Если в моих мемуарах ты встретишь что-либо, нуждающееся в разъяснении или дополнении, прошу тебя, не обращайся ни к кому, кроме доктора, и знай: что он скажет, то будет правда.
Ну, вот, я, кажется, благополучно привел к концу предисловие, которым хотел начать по общепринятому обычаю свои мемуары. Проглядывая то, что я уже написал, я вижу немало недостатков, но не обращаю на них внимания. Во всяком случае, дело пойдет, я в этом уверен.
А если ты и обнаружишь кое-какие дефекты в моем писании, то, конечно, будешь помнить: твоему отцу было куда сподручнее держать не перо из гусиного крыла, а тяжелую абордажную саблю с широким клинком, или мушкет с примкнутым к нему штыком.

II
О том, как мистер Гарри Браун старший потерял пару передних зубов верхней челюсти, а мистер Джон Браун получил щелчок в лоб и золотую табакерку императора Наполеона, едва не был расстрелян Неем и научился уважать его

Вы, люди нынешнего времени, вы, растущие в мирных условиях, мало-помалу начинаете позабывать весь цикл великих событий начавшихся в конце прошлого, восемнадцатого, века и захвативших полтора десятка лет века нынешнего, девятнадцатого.
Многое из того, что тогда случилось и чему были свидетелями мы, ваши отцы и деды, вам кажется уже легендой или сказкой.
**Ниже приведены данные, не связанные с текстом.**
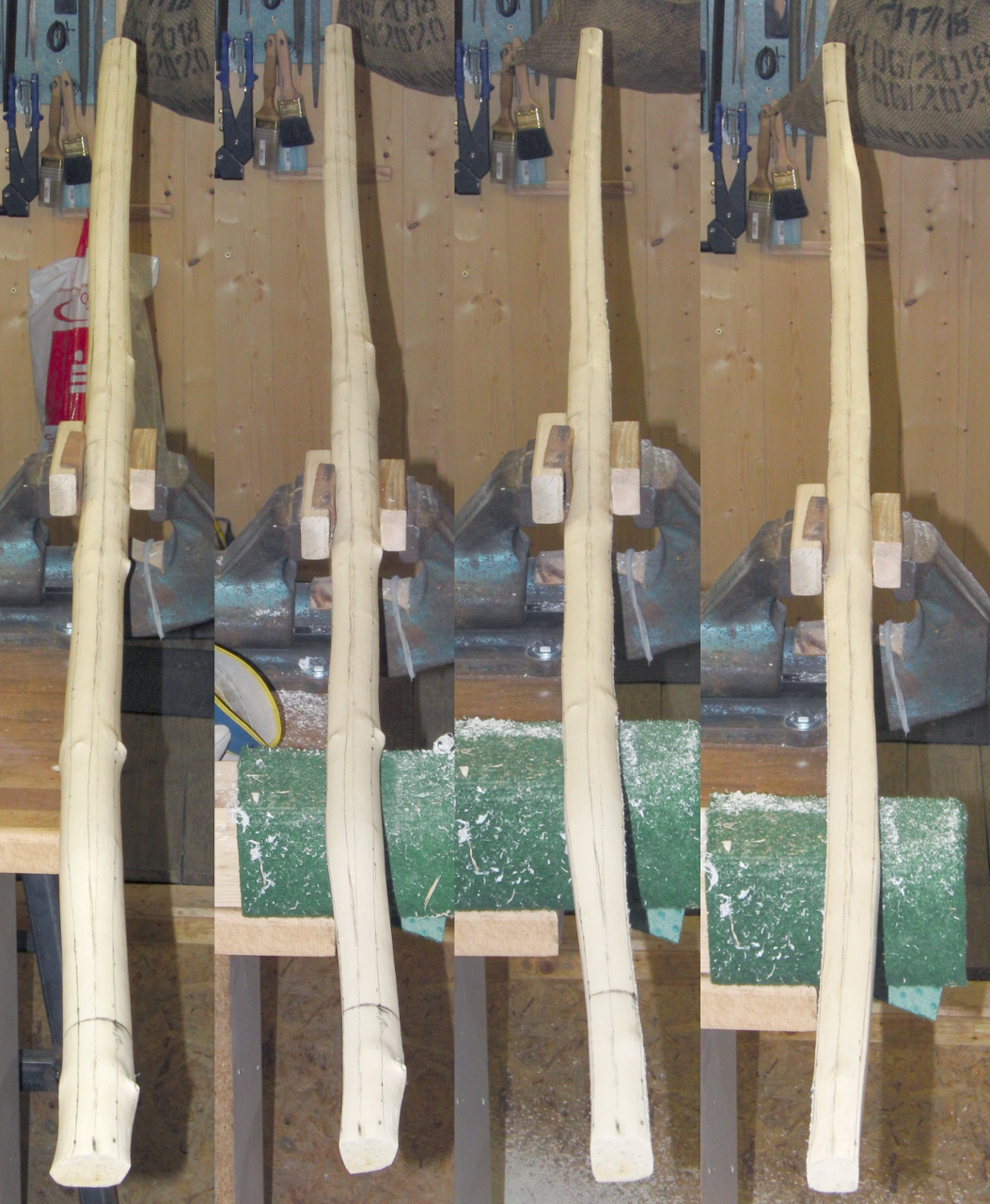 Der Rohling hat in jedem Wurfarm einen ungünstig gelegenen Totast im Biegebereich. Im weiteren Verlauf werde ich diesen wohl mit einem hierauf dressierten großen nachtaktiven Waldvogel auf den Pelz rücken

И вы, — это совершенно естественно, — совершенно иначе смотрите и на деятелей той грозной эпохи, чем привыкли смотреть мы.
Недавно, в одну из моих поездок в Эдинбург, мне пришлось слышать от одного молодого человека, имя которого я упоминать считаю совершенно излишним, что император французов Наполеон I был не больше, как мелким авантюристом и трусишкой, расправа с которым не представляла ни малейшего труда для Англии. Если когда-либо тебе придется услышать что-нибудь подобное, Джимми, помни: это — ложь.
Наполеон I был смертельным врагом Англии. Это правда. Но он был великим врагом и страшным врагом.
Молодые люди, бывшие в пеленках в те годы, когда мы дрались на суше и на море с солдатами Наполеона, могут высмеивать ‘Маленького капрала’. Благо и сейчас еще в нашем английском обществе к нему относятся недоброжелательно. Но те, которые этим высмеиванием занимаются, забывают следующее: высмеивая и унижая побежденного нами врага, они унижают прежде всего нас, своих отцов, вынесших всю тяжесть многолетней и беспощадной борьбы с Наполеоном.
Если побежденный был ничтожеством, то чего же стоит его победитель?!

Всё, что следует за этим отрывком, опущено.